LOS ANGELES – Temperance and Seeley are the couple we took for granted. We knew they were meant to be together before they did, beamed when they finally gave in to the inevitable, celebrated milestones with them — and then slowly let them drift out of our lives.
Now it's too late. Well, almost too late.
Tuesday evening, the married couple will officially move on when "Bones" — one of the 20 longest-running dramas in network history — airs its series finale.
Despite a 12-year run, Fox's most durable procedural is going out with about as much fanfare as you'd give a goldfish on its second birthday. No retrospective special. No final laps on the talk-show circuit. No commemorative edition from Entertainment Weekly.
On a recent episode of "Billy on the Street," truTV's hilarious series in which New Yorkers are accosted with obscure pop culture references, host Billy Eichner spent four minutes trying to find "Bones" fans to share in his mock dismay over the show's cancellation — with little success.
Emily Deschanel was flattered.
"I thought it was hilarious," said the actress, whose portrayal of Temperance "Bones" Brennan was overshadowed ages ago by little sister Zooey Deschanel's "adorkable" star turn on "New Girl." "It was so fun that he included us, even if we were the butt of the joke. Some people are passionate about the show and others have no idea what it is, which is kind of awesome. Half the people I encounter when I go grocery shopping and stuff don't know who I am, which is nice."

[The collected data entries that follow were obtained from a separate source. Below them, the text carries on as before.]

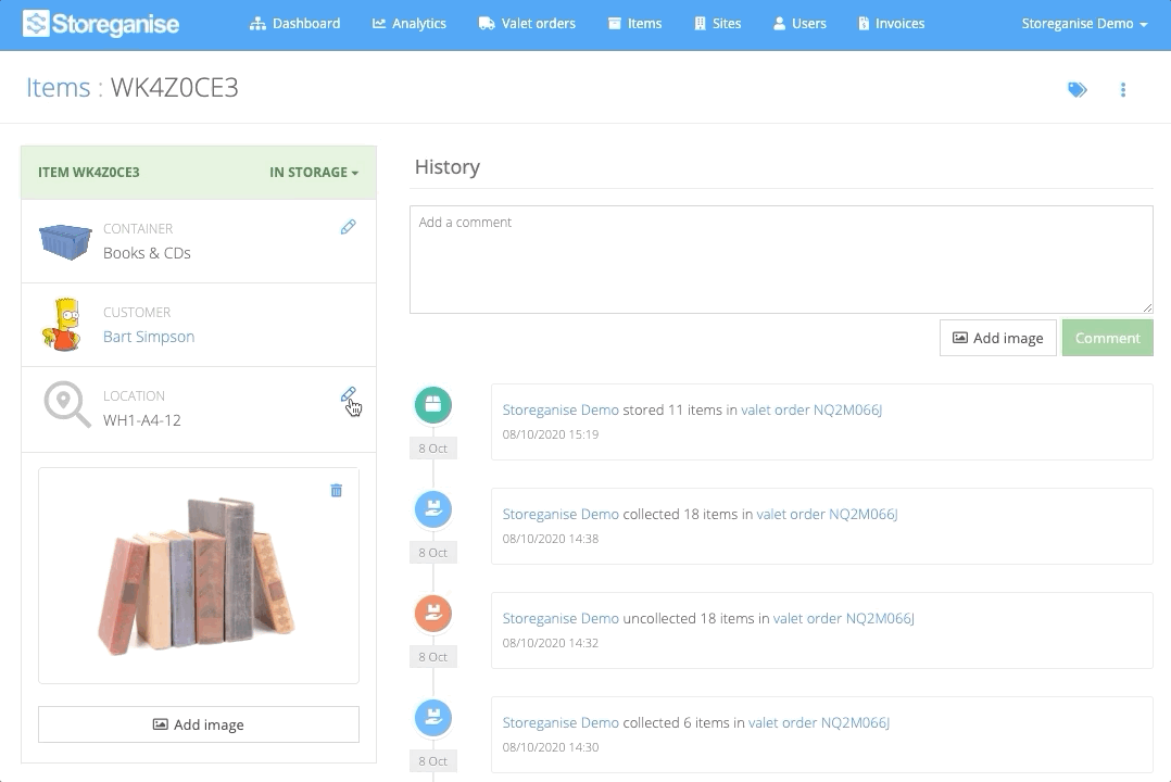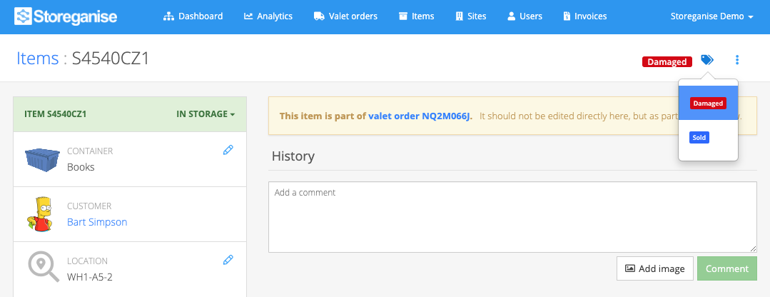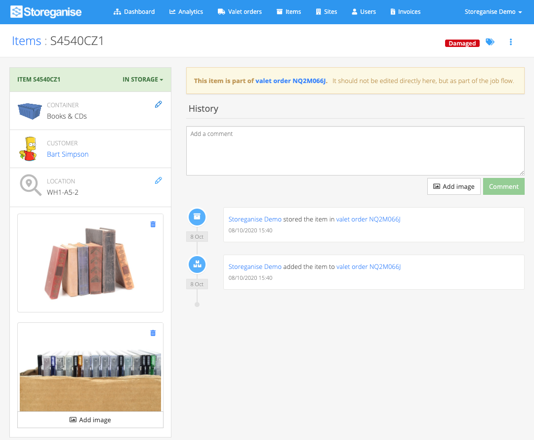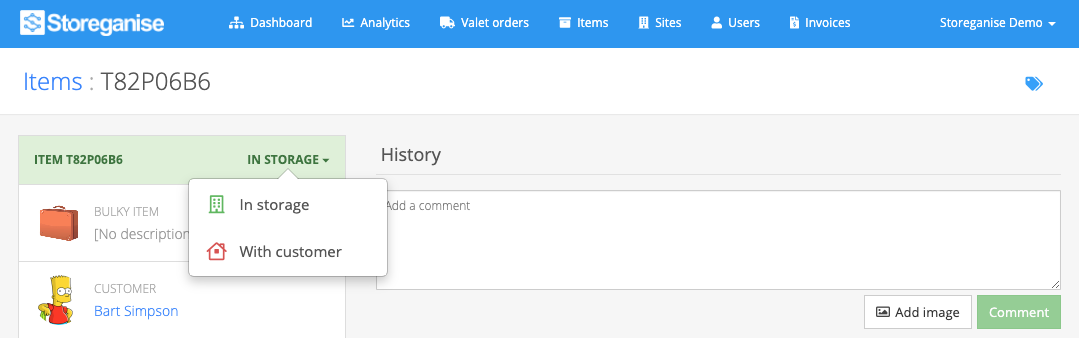 Each item has a page showing all details for the item including item type, state, location, owner and item title. The History section at the bottom shows the full history of any change in state, title, owner, location or image associated with a particular item. You can add comments or images to the history log from this section too.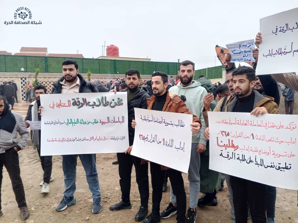 نظّم مجموعة من طلاب جامعة الفرات من أبناء محافظة الرقة، والمستضافين حالياً في جامعات سورية مختلفة، وقفة احتجاجية أعربوا خلالها عن تمسكهم بحق التوطين الدراسي في الجامعات التي يتابعون فيها تحصيلهم العلمي حالياً.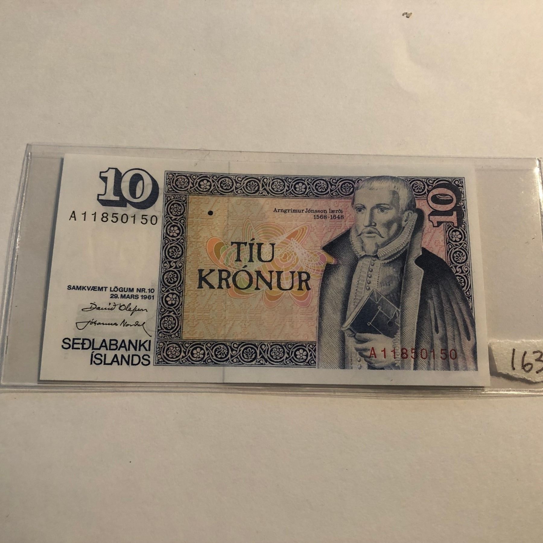Very Rare 10 TIU KRONUR SEDLABANKI ISLANDS Bill in UNC Condition

For the uninitiated — or forgetful — we first met Brennan in 2005 as an emotionally distant but savvy forensics anthropologist, recruited by FBI Special Agent Seeley Booth (David Boreanaz) to aid in the case of the week. Some 250 corpses later, the pair have gotten married, had two kids and, as of last week, withstood a terrorist explosion that destroyed much of their crime-fighting lab and, possibly, some of Brennan's brain cells.